WHAT YOU HAVE TO DO: An exact transcription of all the data is required, with every image removed.

COLLECTED DATA:

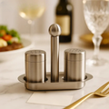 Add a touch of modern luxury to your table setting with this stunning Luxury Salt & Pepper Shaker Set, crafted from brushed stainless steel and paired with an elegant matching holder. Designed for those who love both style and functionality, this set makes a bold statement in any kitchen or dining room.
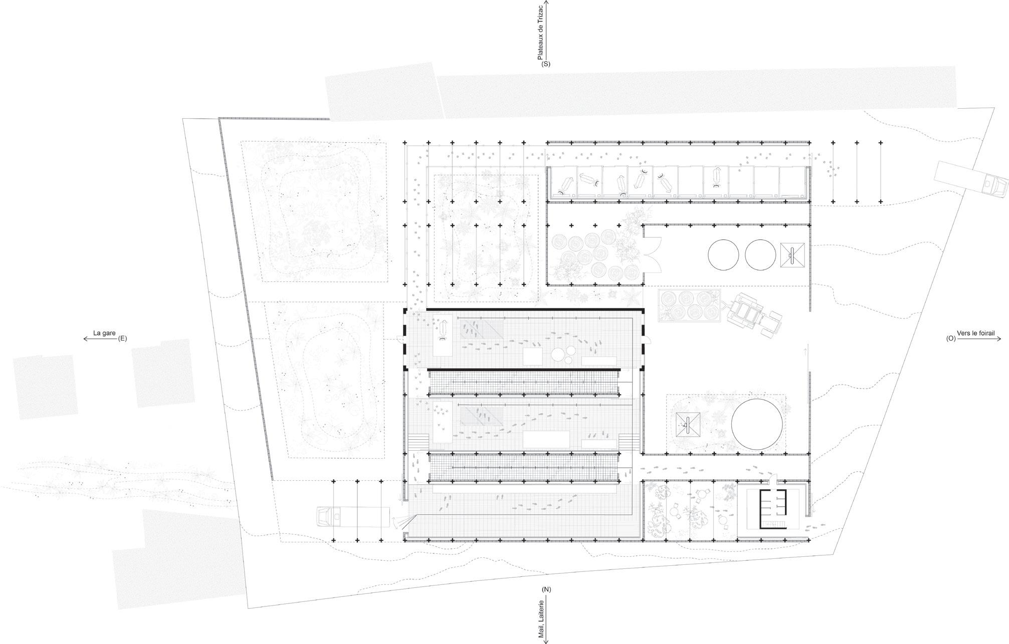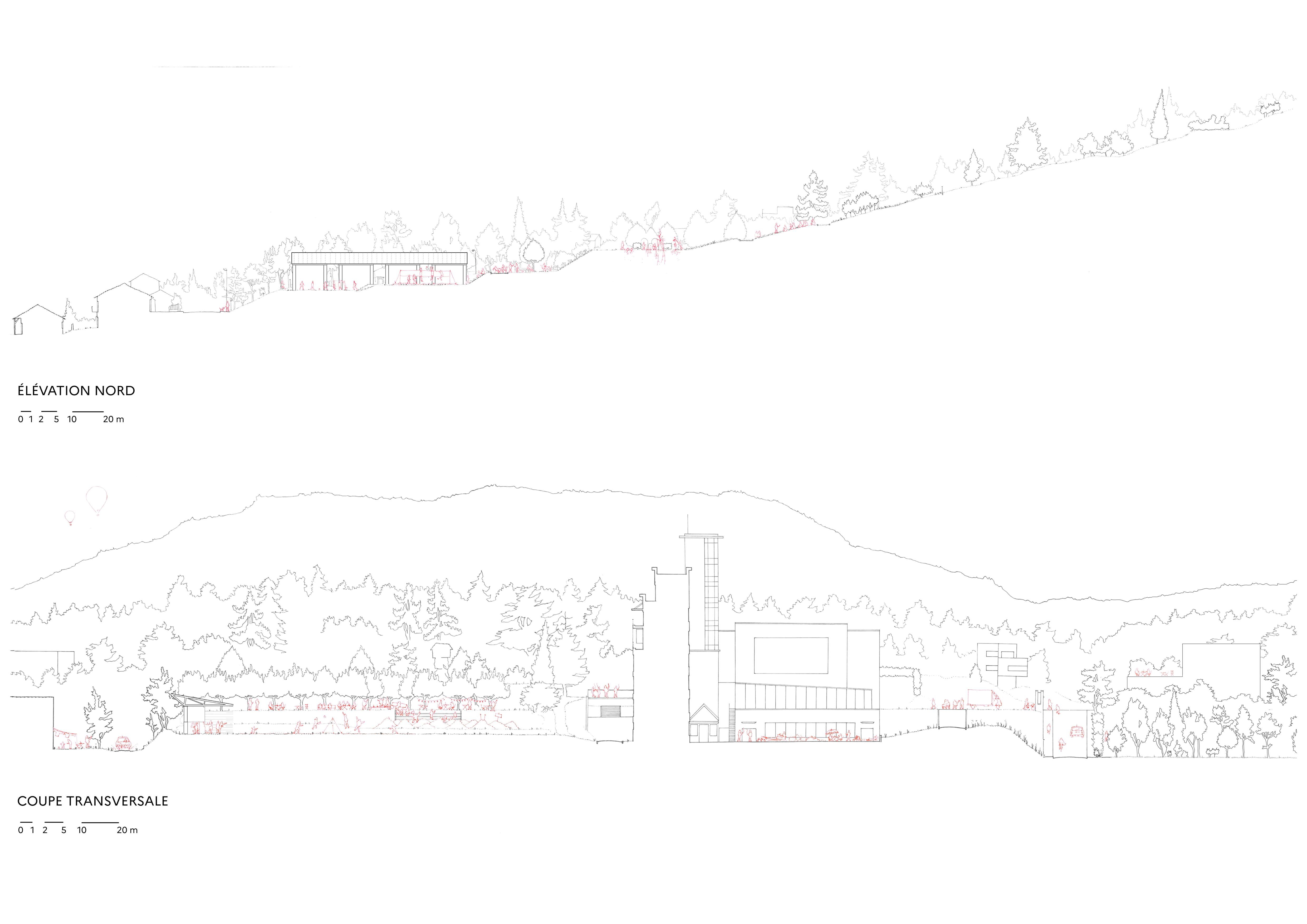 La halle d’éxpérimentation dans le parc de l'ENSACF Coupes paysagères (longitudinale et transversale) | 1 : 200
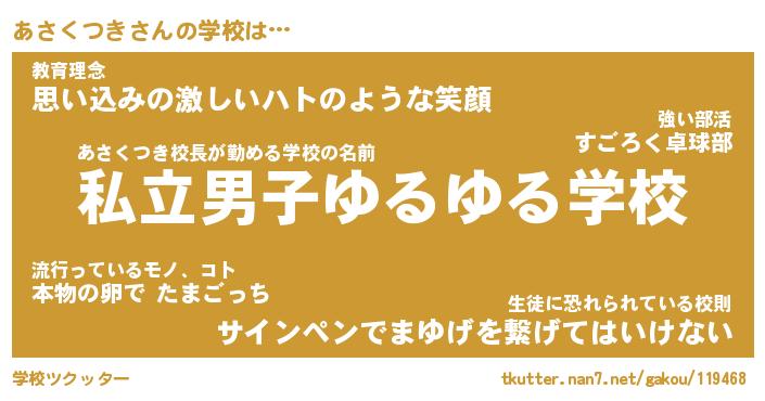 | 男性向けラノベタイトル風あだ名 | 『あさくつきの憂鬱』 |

EXERCISE OUTPUT:
 Add a touch of modern luxury to your table setting with this stunning Luxury Salt & Pepper Shaker Set, crafted from brushed stainless steel and paired with an elegant matching holder. Designed for those who love both style and functionality, this set makes a bold statement in any kitchen or dining room.
 La halle d’éxpérimentation dans le parc de l'ENSACF Coupes paysagères (longitudinale et transversale) | 1 : 200
 | 男性向けラノベタイトル風あだ名 | 『あさくつきの憂鬱』 |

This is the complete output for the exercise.